Insecure, overall, is a show that is deeply interested in the here—in the way locations, and circumstances in general, shape people’s lives. The tension that results, one place chafing against another, is where the show’s title itself comes from, Rae once explained—“we wanted to kind of paint that this character is in between two worlds and is just in a constant state of discomfort”—and it’s one that manifests not only in Insecure’s storylines, but also in its production values. That’s one of the elements that make Insecure such a stand-out series, one of the best TV shows in an environment crowded with great ones: the attention it pays to geography, and architecture, and interior design, and the physical spaces its characters inhabit. Many of the show’s scenes begin with quick-cut montages that serve not only to locate their action within particular settings, but also to emphasize the constraints of location itself: Whatever action is about to occur will to some extent be shaped by the spot where the scene is set.
In its Season 2 premiere, Insecure extends that idea: Singleness here, too, becomes a space that characters live in. “Single” is, Insecure is suggesting, not merely a status, in that reductive, drop-down-menu way that Facebook—another omnipresent space in the show—conceives it. “Single” is instead a space to be navigated and negotiated. It carries certain expectations. It makes certain demands.

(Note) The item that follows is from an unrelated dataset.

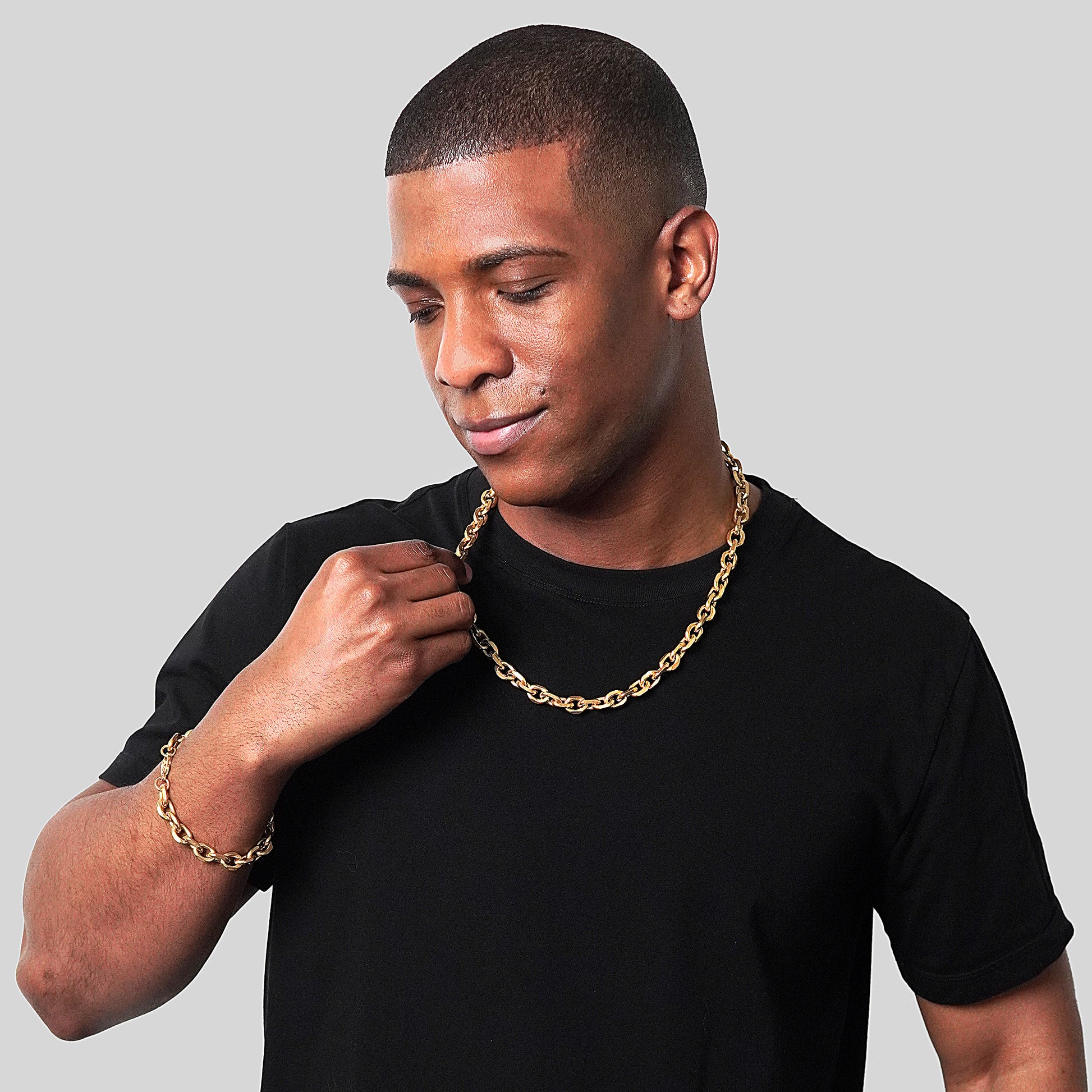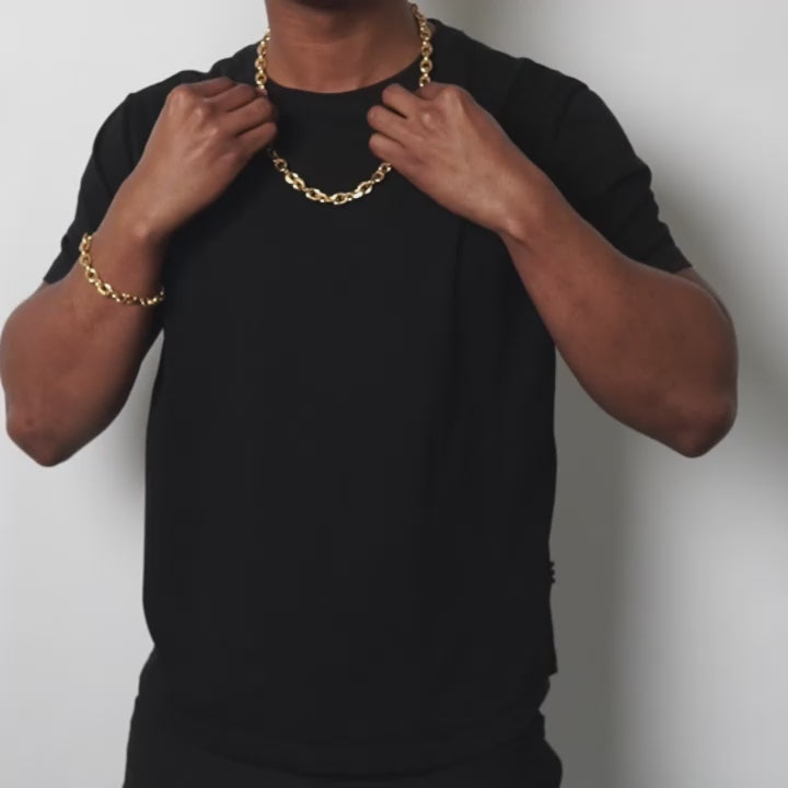 Men's Knife Edge Oval Links Gold Plated Stainless Steel Bracelet and Necklace Chain Set (10.6mm)
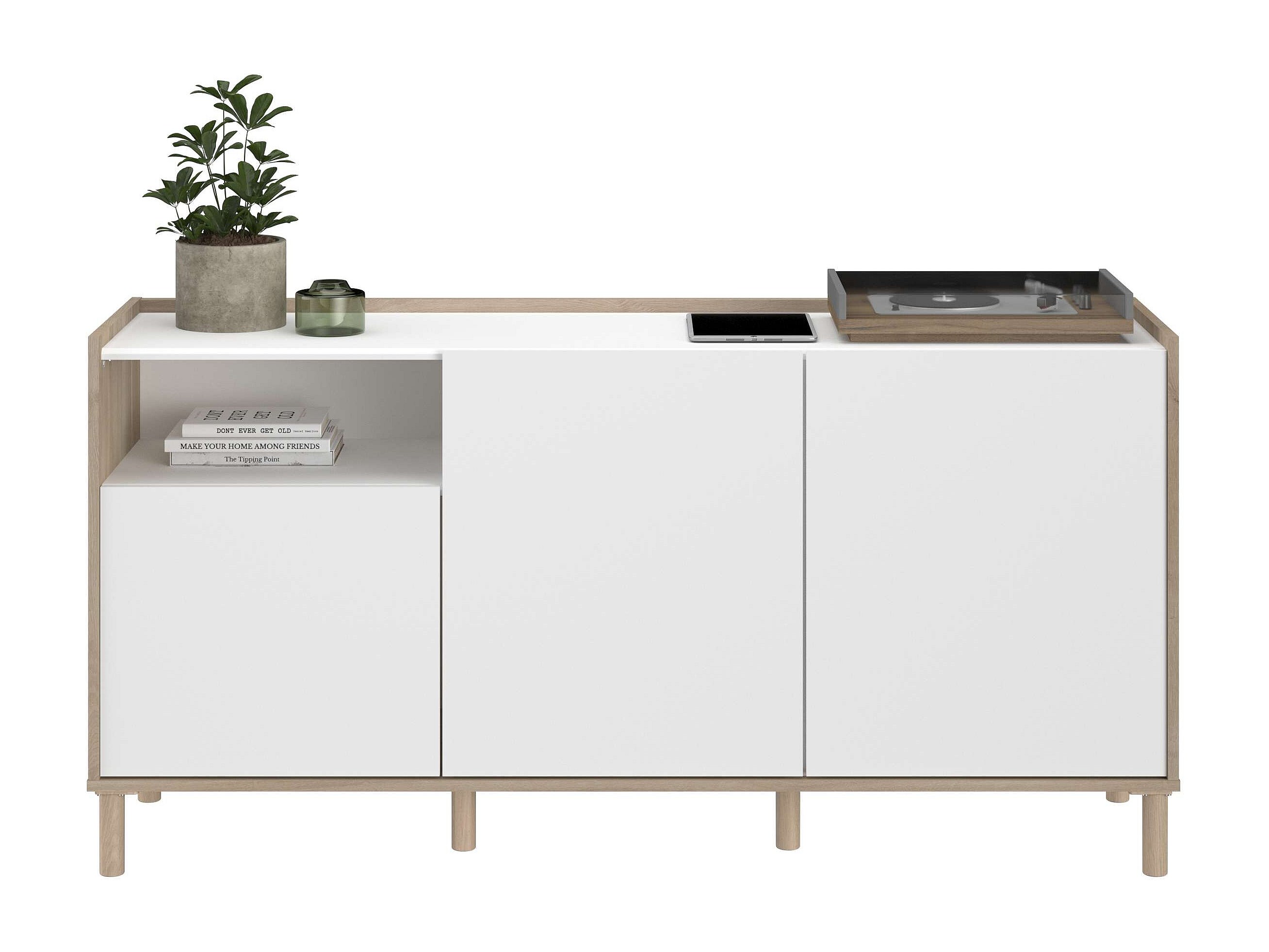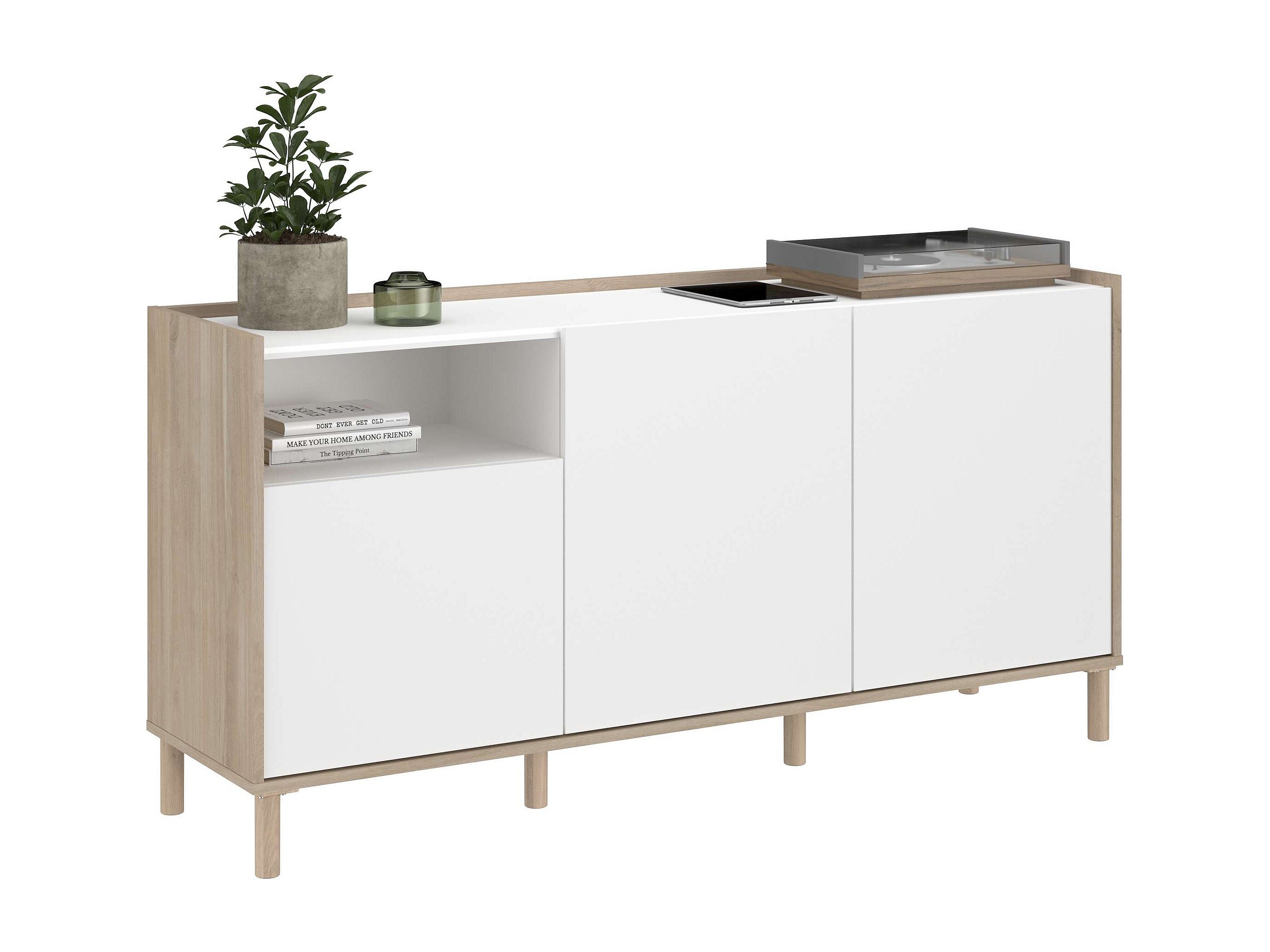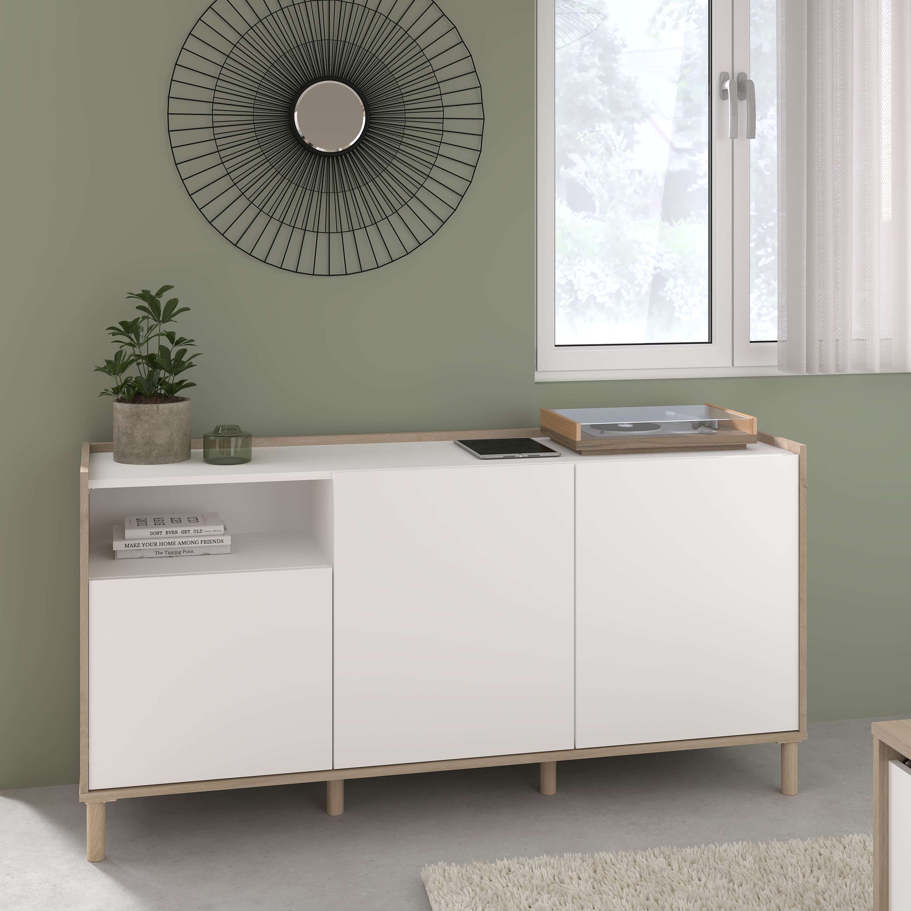 Aparador Tokio Estilo Nórdico Blanco Albo y Roble 3 Puertas 136 cm

That’s already been the case for Molly (Yvonne Orji), Issa’s best friend, who began Season 1 reeling from the engagement of a coworker—and who spent much of the rest of the season’s episodes worrying, in various ways, that coupledom might not happen for her. But now, after her breakup with Lawrence, Issa has joined Molly in that space—and her singleness has become for the moment, it seems, the salient fact of Issa’s life. It takes over her conversations with Molly. It leads her to throw a party, and to ask each guest to bring a plus-one. It crosses over into her efforts to bring We Got Y’All, the educational nonprofit she works for, to a new school that seems to have no interest in its services. (“Sometimes you just have to know when to give up,” Frieda (Lisa Joyce), Issa’s co-worker, says; she’s talking about the school, but the show allows the observation to adopt a kind of doubleness—as a commentary about Issa’s relationship.)
And: Issa’s newly single status becomes a matter of physical space, as well. Issa, still, sleeps on a single pillow, on her half of the bed she used to share with Lawrence. She sits on the couch she and Lawrence bought together—the piece of furniture that once symbolized the renewal of their relationship. She keeps dating apps constantly fired up on her phone, ensuring that men flexing and ab-revealing and smiling in bathroom mirrors runs like a visual refrain as she watches TV, gets ready for bed, and lives her life—even though she rejects almost all of them. And when Issa does swipe right, she returns, again and again, to that dimly lit, composite restaurant: Different outfits, different men, but otherwise—place-wise—the same. She’s meeting new guys, but she’s not getting to know them; she is going on dates, but she is not really dating. She’s there, but she’s not really there.